* THE DATA
==================================================

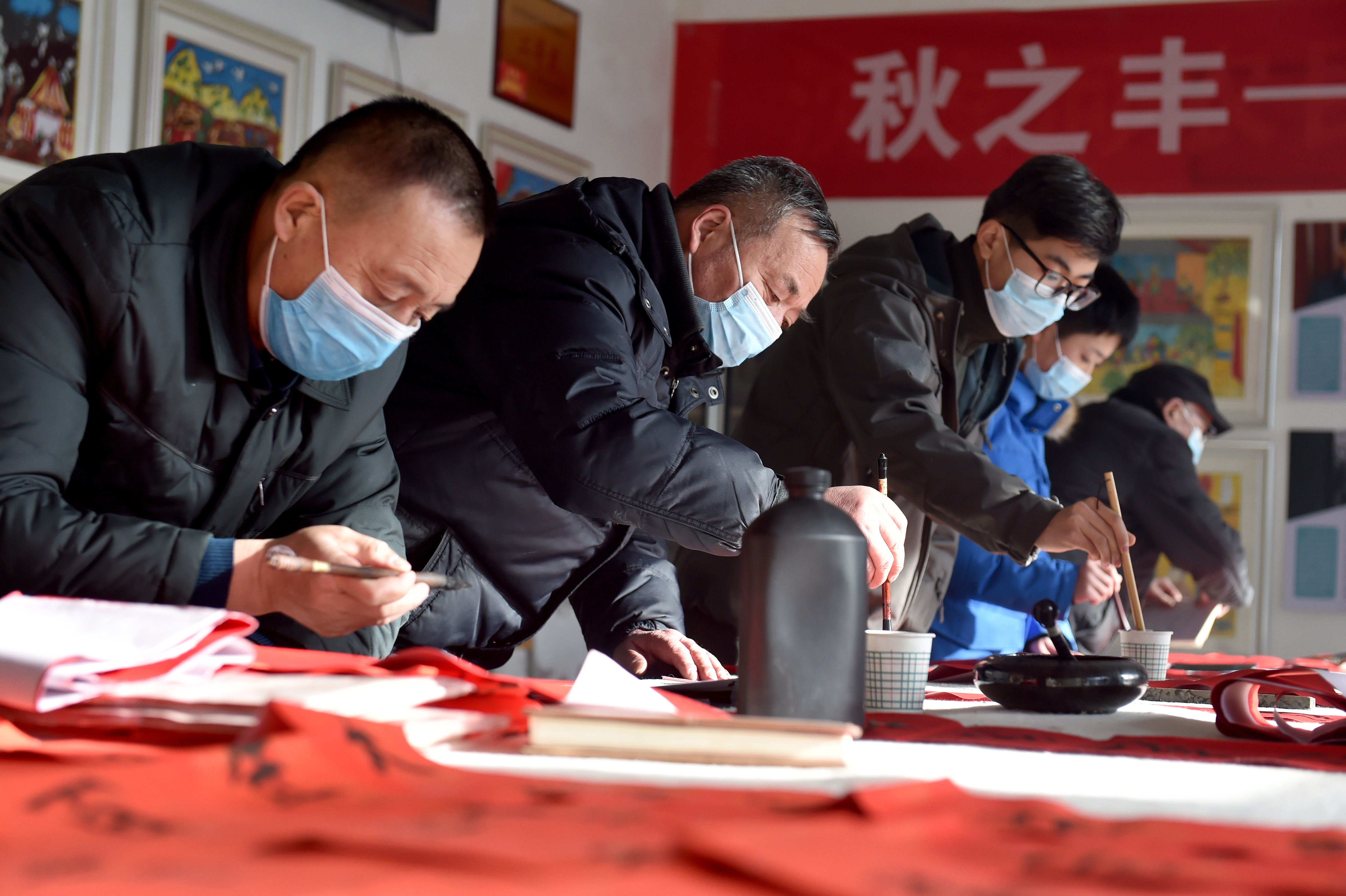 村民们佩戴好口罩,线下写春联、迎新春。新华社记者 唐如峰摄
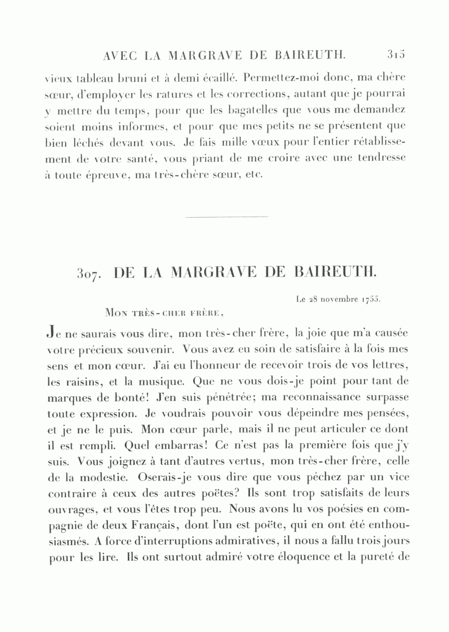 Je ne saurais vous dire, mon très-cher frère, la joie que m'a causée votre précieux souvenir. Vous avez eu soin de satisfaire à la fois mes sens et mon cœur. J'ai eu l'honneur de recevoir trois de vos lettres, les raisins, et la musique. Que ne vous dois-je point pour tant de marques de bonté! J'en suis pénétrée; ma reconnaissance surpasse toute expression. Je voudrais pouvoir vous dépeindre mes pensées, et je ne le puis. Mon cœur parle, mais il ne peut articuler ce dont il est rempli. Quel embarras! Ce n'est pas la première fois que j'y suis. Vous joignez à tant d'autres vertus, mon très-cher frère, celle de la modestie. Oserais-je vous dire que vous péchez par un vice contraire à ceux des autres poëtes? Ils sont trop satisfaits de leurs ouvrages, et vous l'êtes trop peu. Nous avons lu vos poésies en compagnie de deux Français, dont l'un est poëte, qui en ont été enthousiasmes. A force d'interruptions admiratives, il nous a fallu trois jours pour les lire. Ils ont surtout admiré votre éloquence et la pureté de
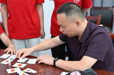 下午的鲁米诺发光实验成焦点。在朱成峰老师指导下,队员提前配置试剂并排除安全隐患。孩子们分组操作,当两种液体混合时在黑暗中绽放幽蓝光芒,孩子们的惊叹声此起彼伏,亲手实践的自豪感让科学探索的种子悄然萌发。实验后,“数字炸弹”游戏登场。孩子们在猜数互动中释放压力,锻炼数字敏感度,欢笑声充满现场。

==================================================

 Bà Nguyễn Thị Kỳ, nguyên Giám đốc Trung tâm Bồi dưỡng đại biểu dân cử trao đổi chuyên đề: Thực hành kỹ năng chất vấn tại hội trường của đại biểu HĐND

==================================================

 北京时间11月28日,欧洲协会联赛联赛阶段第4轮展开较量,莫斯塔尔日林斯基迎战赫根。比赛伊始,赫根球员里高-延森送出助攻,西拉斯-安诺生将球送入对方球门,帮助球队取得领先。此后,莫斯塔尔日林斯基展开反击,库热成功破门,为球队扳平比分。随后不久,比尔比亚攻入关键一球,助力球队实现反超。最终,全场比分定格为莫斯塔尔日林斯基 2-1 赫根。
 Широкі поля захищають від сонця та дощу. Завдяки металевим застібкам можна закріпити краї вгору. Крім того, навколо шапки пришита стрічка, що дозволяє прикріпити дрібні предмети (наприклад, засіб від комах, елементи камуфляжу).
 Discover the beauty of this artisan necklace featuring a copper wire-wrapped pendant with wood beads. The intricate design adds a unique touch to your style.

==================================================

* ABOUT THIS TASK
Look back at the data above. Transcribe exactly the lines starting at the line that contains "Широкі поля захищають" and ending at the line that contains "Discover the beauty".

* EXERCISE SOLUTION
 Широкі поля захищають від сонця та дощу. Завдяки металевим застібкам можна закріпити краї вгору. Крім того, навколо шапки пришита стрічка, що дозволяє прикріпити дрібні предмети (наприклад, засіб від комах, елементи камуфляжу).
 Discover the beauty of this artisan necklace featuring a copper wire-wrapped pendant with wood beads. The intricate design adds a unique touch to your style.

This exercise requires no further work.